The relationship between an employee and his employer is not always simple and its because of this that it is important to take into account certain regulations in order to really know your rights but also your duties in case of a dismissal.
The labour reform in 2012 made this procedure considerably simpler for companies by allowing them to be much more flexible in managing their employees. In case of the need for dismissal in Spain, employee compensation is reduced from 45 to 33 days per year worked. This compensation can reach 20 days if the company is in trouble. You will have to prove that the company has no profits for 3 consecutive semesters.
Compensation, meanwhile, is limited to 24 months regardless of how long the employee has worked.
Finally, as you will see later, employers can choose from several grounds for dismissal for a more flexible management of their personnel. Henceforth, it is now possible to dismiss an employee who is frequently absent if their absences make up 20% of working time in 2 consecutive months.
Redundancy in Spain covers several types of dismissal. We can speak of dismissal for serious misconduct or redundancy for economic or technical reasons or those related to the organisation or production. Disciplinary dismissal involves serious misconduct from an employee who commits any of the following contractual breaches: absences or repeated and unjustified delays, lack of discipline and disobedience, verbal or physical abuses, breach of trust within the workplace, transgression of contractual good faith, voluntary reduction in work performance, habitual drunkenness or drug taking if this negatively affects the work, harassment for reasons of race, ethnicity or religious, disability, age or sexual orientation, sexual harassment toward the employer or others who work within the company. Dismissal on objective grounds should be based on the following fair criteria: employee incompetence, failure to adapt to changes made to their position or absenteeism. Dismissal may also be on economic or technical grounds or those related to the organisation (these are common to collective redundancies but affect a small number of employees).

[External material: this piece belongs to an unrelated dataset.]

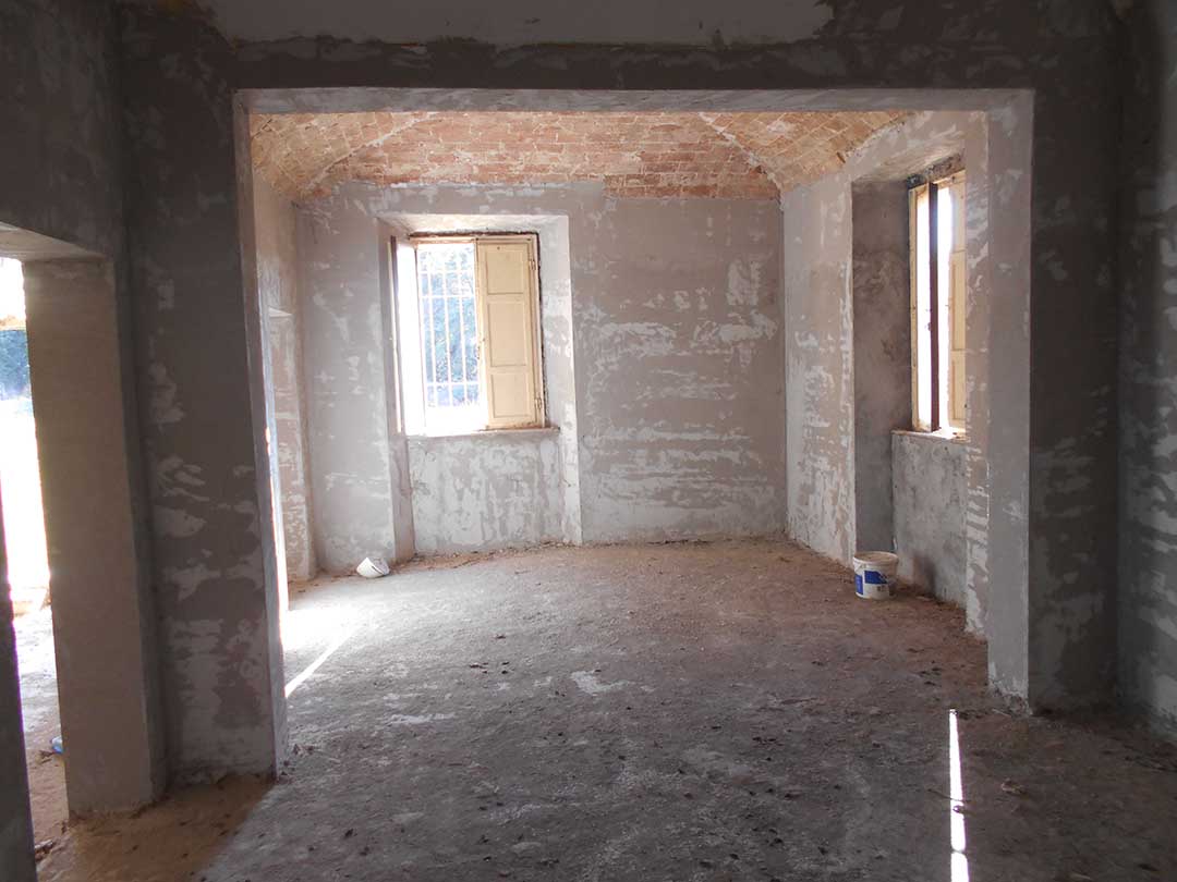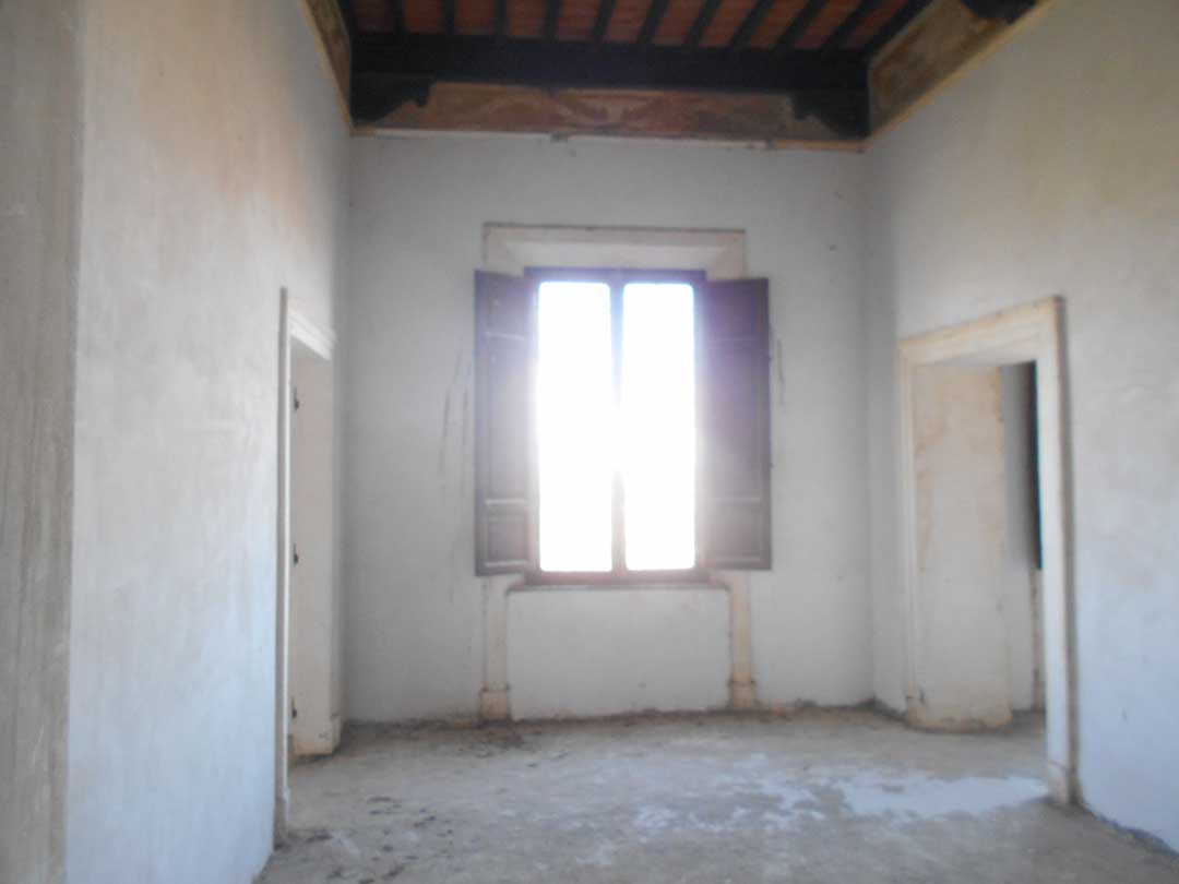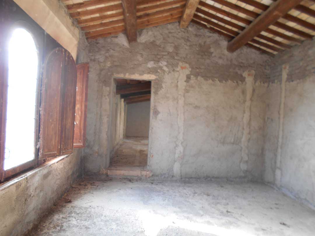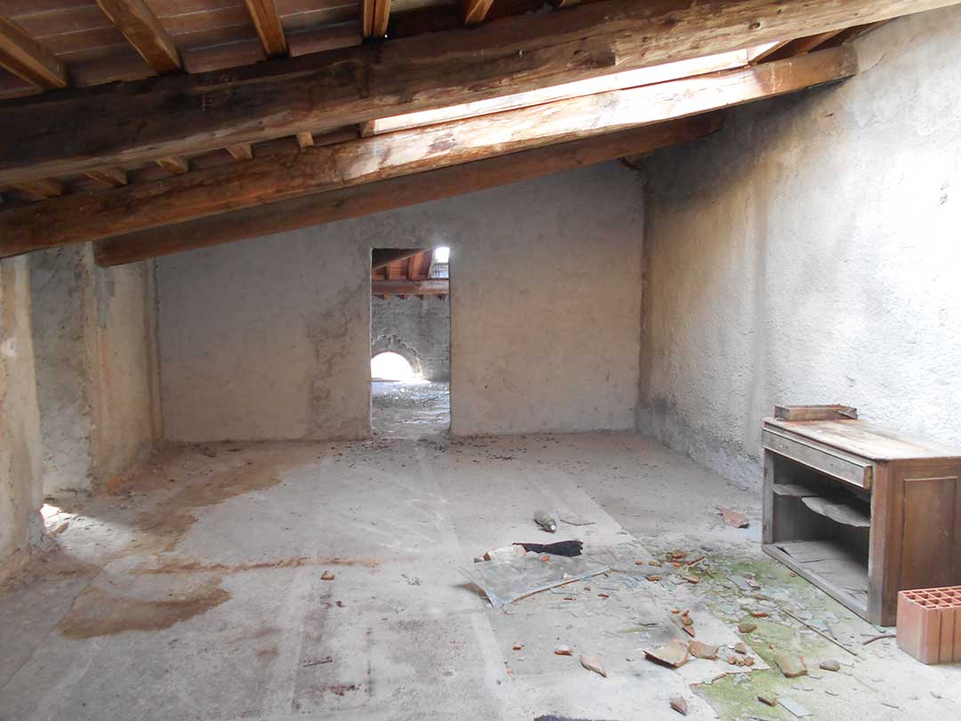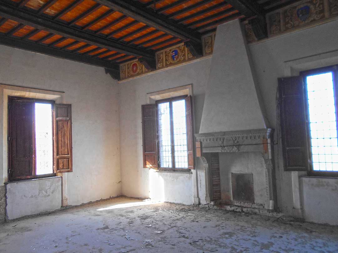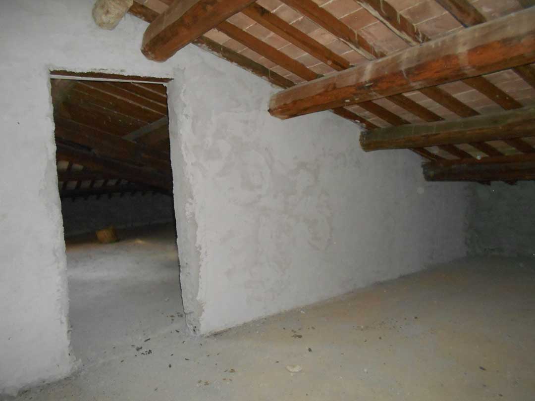 Dalla menzionata scala al piano terra si accede al piano primo composto complessivamente da 12 vani principali (tra i quali ampio salone con camino), due grandi disimpegni e vani accessori. Al piano secondo si trovano vari locali di soffitta e sottotetto occupanti l’intera proiezione dei piani sottostanti; l’accesso alle soffitte avviene esclusivamente dal piano secondo dell’unità al punto B) che segue.

Mass layoffs involve the termination of employment contracts. The action is collective if it involves the minimum employees as set by the law. In order to be effective, the dismissal must always be preceded by an administrative authorisation granted under a regulatory procedure after a period of consultation with employee representatives. The legal process for dispute may be initiated if one of these conditions is not met. In order to qualify as collective, termination must allocate a minimum period of 90 days: 10% of employees in companies that employ between 100 and 300 or the entire workforce on condition that there are more than 5 employees when the collective dismissal is the result of total termination of activity based on the previously mentioned causes.